Imagine translating the sentence: *"The animal did not cross the street because it was too tired."*

When a human reads the word **"it"**, they immediately know it refers to **"the animal"**, not **"the street"**. 

* **RNNs** struggle with this if the distance between "animal" and "it" is large.
* **Self-Attention** calculates a score relating "it" to every other word in the sentence. The score for "animal" would be high, effectively telling the model: *"When processing 'it', pay close attention to 'animal'."*

### 2.2 The Core Mechanism: Q, K, V
Self-attention is mathematically described using three vectors for every input token: **Query (Q)**, **Key (K)**, and **Value (V)**.

1.  **Query (Q):** What the token is looking for.
2.  **Key (K):** What the token identifies as.
3.  **Value (V):** The actual information content of the token.

**Analogy:** 
Think of searching a library catalog.
* **Query:** The search term you type in.
* **Key:** The book titles/categories in the database.
* **Value:** The content of the book you eventually get.

We calculate the match between $Q$ and $K$ (using dot product) to get a score (attention weight).
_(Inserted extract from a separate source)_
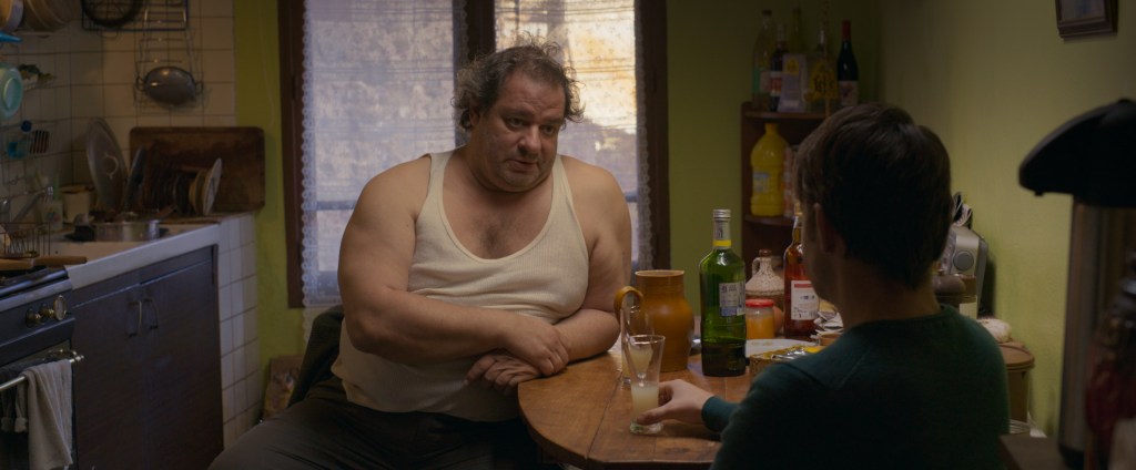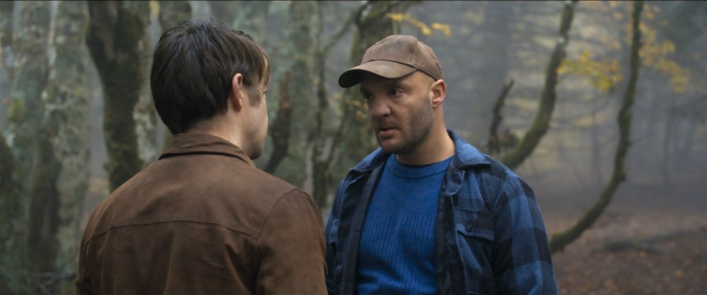Guiraudie’s naturalistic style also extends futher into the way the film is shot. His frequent collaborator Claire Methon returns to photograph the autunmal setting – not an unfamiliar territory given her work on Celine Sciamma’s Petite Maman – giving it a muted silence that calmly awaits the fictional power of Jérémie’s homecoming to take over. The film is very attuned to the natural setting. The misty and damp forest – while having great thematic purpose – never dominates the scenery as well as the numeorous night scenes that are given minimal exposures. It provides a sense that these places look just the way they are with or without the fiction intruding the samll town.

We then use that score to weight the $V$.

$$ \text{Attention}(Q, K, V) = \text{softmax}\left(\frac{QK^T}{\sqrt{d_k}}\right)V $$

### 2.3 Multi-Head Attention
Instead of having one set of Q, K, V matrices, we have multiple sets (heads). This allows the model to focus on different aspects simultaneously. For example, one head might track grammatical relationships (subject-verb), while another tracks semantic references (pronoun resolution).

### 2.4 Positional Encodings
Since Transformers process the sentence "Dog bites Man" and "Man bites Dog" identically (as a bag of words) without recurrence, we must explicitly add information about the position of each word. We add a **Positional Encoding** vector to the input embeddings to give the model a sense of order.

## 3️⃣ Code Reproduction: Building the Transformer Components

We will build the Transformer from the bottom up using the **Keras Subclassing API**. This gives us fine-grained control over the forward pass calculations.

### 3.1 Setup

In [None]:
import tensorflow as tf
from tensorflow.keras import layers, models
import numpy as np
import math

# Ensure reproducibility
tf.random.set_seed(42)
np.random.seed(42)

### 3.2 The Self-Attention Layer

This is the heart of the Transformer. We calculate the $Q$, $K$, and $V$ vectors using dense layers (linear projections) and then apply the attention formula.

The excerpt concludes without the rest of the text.